His advice has consistently been clear, useful, and correct. He's also gone
way beyond the call of duty in helping us on a number of occasions.

Though this is only tangentially related to the story, I'll take the chance to
say: if you ever happen to have the chance to have Sam invest in your company,
I strongly recommend availing of it.

------
mceachen
Sam was one of AdGrok's angel advisors. He is _intense_ in person. He talks
quickly, and his signal-to-noise ratio made us all take notes during our
meetings as fast as we could write and type.

As an example, he told us that our company's valuation would fluctuate wildly
up and down, that timing our investment rounds was critical to our success,
and that valuation is driven as much by hype and gossip as by real value--
especially in the early stages. It was all stuff that just rings true to you
immediately, but that insight isn't apparent or obvious without experience.

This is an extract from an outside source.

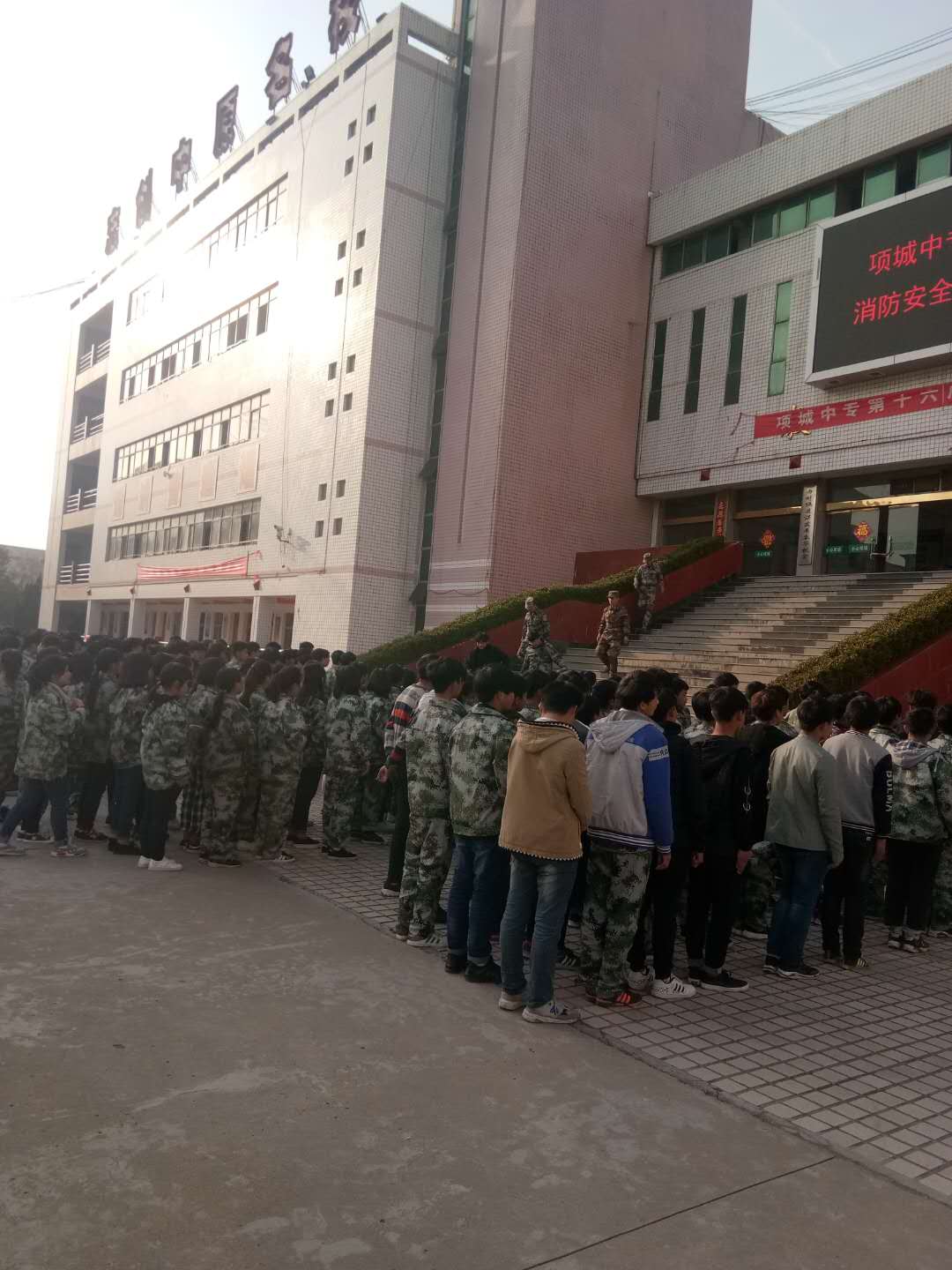 2018年3月10日下午,项城中专对军训新生进行了消防安全疏散演练。希望通过这次演练,能够使同学们掌握火灾发生时应采取的措施和方法。对学生进行安全教育,增强消防意识,使他们更好的了解防火制度和消防逃生路径,提高自救能力。

(Thanks for the help, Sam!)

------
cjr
We had Sam in our (2nd) YC interview for W12, unfortunately we were rejected
but we contacted Sam a few days afterwards and he generously offered to give
up his time to sit down with us in his office for a general chat about the
interview and to offer some advice on our startup. We really appreciated that.

------
kubrickslair
I have not yet been a part of YC, but know a fair number of YC founders. But
among all people I know, I found Sam to be probably the smartest and also very
helpful. But more than that, he is both nice but still nudges you towards the
right path- which is incredible in my opinion.

------
danielpal
Talking to Sam for 15 minutes is amazing.He is extremely smart, and just helps
you get rid of all the noise and focus.

------
mailarchis
There is some really good advice in there. On a side note, have we completed a
cycle and the word shit by default means good shit.

------
k2xl
Some excellent advice that I'm going to take it to heart with my startup

------
dasil003
The correct bleep-spelling of shit is $#!+